Ci chiediamo quindi se valga la pena commentare dei dati macroeconomici che vengono poi rivisti in modo significativo dopo un mese. Questo film si ripeterà questa settimana con i dati sull’inflazione, storicamente meno soggetti a revisioni, ma la cui modalità di calcolo (soprattutto della componente relativa agli immobili, misurata in modo differente tra USA ed Europa) lascia dubbi tra gli operatori. Ci troveremo quindi a guardare se il +3,1% anno su anno (+3,7% escluse le componenti food&energy) è sufficiente per la narrativa di rientro dall’inflazione o se ci saranno nuovi timori di fiammate.
Viste le difficoltà nell’analisi vale più la pena probabilmente analizzarne il trend, più che il dato puntuale: è più importante quindi identificare se siamo in un percorso di rientro adeguato, in termini di rapidità e magnitudo, oppure se la strada rimane lunga, richiedendo tassi elevati per più tempo.
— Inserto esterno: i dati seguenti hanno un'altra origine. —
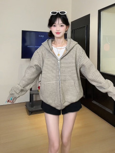 韩系条纹拉链开衫外套女2025新款秋季设计感小众宽松慵懒风卫衣潮

Da questo lato, la strada è sicuramente più lunga di quanto ci aspettavamo poco più di un mese fa: da una previsione di 6/7 tagli dei tassi da parte della FED siamo scesi a 3/4. Ma l’evento più importante sarà allora il 20 marzo, con il meeting della FED, dove non ci saranno tagli ma capiremo se si vorrà dare un’indicazione della tempistica (come fatto dalla BCE poche settimane fa, ipotizzando giugno) o meno.
Nel frattempo, oltre alle Borse che vengono spinte dalla tenuta dell’economia USA e da alcuni temi come l’intelligenza artificiale, assistiamo ai record storici dell’Oro. Qualcosa di controintuitivo e in contraddizione con i dati se notiamo che i tassi reali non sono scesi, che l’inflazione sembra destinata a rientrare (seppur più lentamente del previsto) e che i rischi geopolitici, pur rimanendo tanti ed elevati, non hanno avuto evoluzioni particolari. La giustificazione viene trovata negli acquisti della Banca Popolare Cinese (una media di 20 tonnellate al mese nel corso degli ultimi 15 mesi), impaurita dalle discussioni sul blocco delle riserve russe in giro per il mondo. Questa volontà di diversificare le riserve, in termini di posizionamento e attività, dimostra come i flussi in acquisto/vendita siano la cosa che sta impattando tutti i mercati, molto più che i fondamentali.
In questi momenti, basta un soffio contrario per far cambiare il vento e causare turbolenze. Lo abbiamo visto nella giornata di venerdì, quando un titolo ormai pesante negli indici come Nvidia è passato da un massimo storico di 974$ alla chiusura di 875$, 200 miliardi di dollari in meno di valutazione nell’arco di poco più di 6 ore. È l’inizio di un cambio di paradigma sul mercato o solamente una folata improvvisa? Difficile da dire, ma con i buyback che andranno in attesa (la normativa USA prevede lo stop due settimane prima della chiusura del trimestre fino alle 48 successive al rilascio degli utili per evitare manipolazioni da parte della società) e con le Banche Centrali che torneranno protagoniste è lecito aspettarsi dei vuoti d’aria, anche se per cambiare la tendenza di fondo rialzista serve qualcosa di più significativo, che al momento non si vede all’orizzonte ma che potrebbe avvicinarsi rapidamente.